Hey everybody! After using this form for quite a long time I decided to make an account to ask a question about my puppy. He is a six-month-old lab German Shepherd mix. About two months ago I switched him over from Natural choice to orijen. Overtime I've noticed that he does not like breakfast. He wakes up very late around 10 or 11 AM. Even if I wake him up around eight and take him for a walk he goes back to sleep. He has started to eat his food later into the day now. For example when I get back home around noon I'll take him to the dog park and he'll eat a little bit of his food around two or three. He will then take a nap and finish his food around six or 7 PM. I will then take him on a walk and feed him dinner. He tends to eat all his dinner within an hour or two, by 9 o'clock. He then goes to sleep.

My concern is that over the last week or two he has started leaving his food until later and later in the afternoon. A few days ago he didn't finish his food for dinner and left it overnight. Today I tried to get him on a feeding schedule. I fed him after his morning potty around 9 AM. He didn't have one bite and went back to sleep. Then I did not feed him all day and fed him just an hour ago. He ate half of it and left the other half. I coaxed him into eating the rest of it by putting little bits of steak in his food. 

My question is, what is y'all's advice? Should I continue to free feed both of his meals or should I develop a feeding schedule with him (pick up bowl after 20 minutes)? If a feeding schedule is on order, should I coax him with steak in his bowl along with the kibble?

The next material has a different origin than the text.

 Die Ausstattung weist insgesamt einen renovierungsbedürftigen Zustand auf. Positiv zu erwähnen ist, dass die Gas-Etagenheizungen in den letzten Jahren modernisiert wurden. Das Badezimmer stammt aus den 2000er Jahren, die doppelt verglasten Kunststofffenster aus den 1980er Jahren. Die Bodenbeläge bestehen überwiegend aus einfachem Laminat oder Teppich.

Thank you so much for your time
rox


----------



## Mary Beth (Apr 17, 2010)

Your dog is growing up and isn't always going to be hungry. I certainly won't wake him up to eat - it isn't going to hurt him to miss a meal. If you stay with a scheduled meal time, put his food down but don't tempt him to eat with tidbits of steak or anything else or changing foods, because then he will become a very picky eater, and will have learned that if he holds out he'll get something better. If you want to put something extra in his food, put it on the bottom. Leave the food down for 20 minutes and remove. I feed my Sting three times a day, and some meals he isn't hungry so won't eat - that's fine. My dobe was on free feeding when I got her as an adult, so I stayed with it, she did well on it.


----------



## doggiedad (Dec 2, 2007)

rule out anything medical. maybe you're feeding to much.


----------



## roxmysox999 (Mar 30, 2013)

He was at the vet a week ago and everything is fine. Activity is normal, everything seems well.

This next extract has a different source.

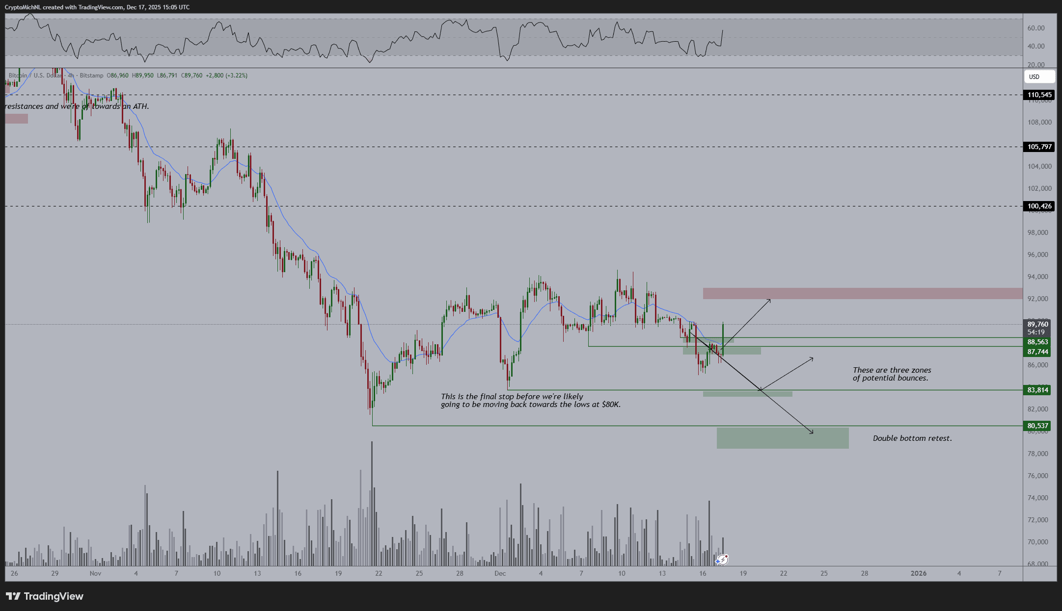 البته بعضی از تحلیلگران همچنان نزولی هستند. آنها با برگشت بیت کوین بعد از برخورد به ۹۰٬۰۰۰ دلار، حمایت ۷۶٬۰۰۰ دلار را تحت نظر دارند. تحلیلگری به اسم Roman گفته است:

According to the orijen lbp bag and his estimated adult weight, he should be eating between 3.75 and 4.5 cups. He is probably on the small side of that range and should be eating around 3.75 cups.


----------



## roxmysox999 (Mar 30, 2013)

Mary Beth said:


> Your dog is growing up and isn't always going to be hungry. I certainly won't wake him up to eat - it isn't going to hurt him to miss a meal. If you stay with a scheduled meal time, put his food down but don't tempt him to eat with tidbits of steak or anything else or changing foods, because then he will become a very picky eater, and will have learned that if he holds out he'll get something better. If you want to put something extra in his food, put it on the bottom. Leave the food down for 20 minutes and remove. I feed my Sting three times a day, and some meals he isn't hungry so won't eat - that's fine. My dobe was on free feeding when I got her as an adult, so I stayed with it, she did well on it.


Thank you for your reply. What do you think is the better option for him based on the information in my post? I'm stuck between the two. I love the idea of scheduled eating. However, i want to do whatever works best for him. I'm stuck between the two.


----------



## MaggieRoseLee (Aug 17, 2001)

roxmysox999 said:


> He was at the vet a week ago and everything is fine. Activity is normal, everything seems well.
> 
> According to the orijen lbp bag and his estimated adult weight, he should be eating between 3.75 and 4.5 cups. He is probably on the small side of that range and should be eating around 3.75 cups.


Dog food companies make money by SELLING FOOD  

In my experience I have never fed the amounts recommended on the bags. Too much for my dogs. They either get fat (the greedy food driven dogs) or ignore it (the dogs with less food drive and with more picky eating habits). 

So I use the bag recommendations just as general guidelines and then watch my dogs for the true amounts.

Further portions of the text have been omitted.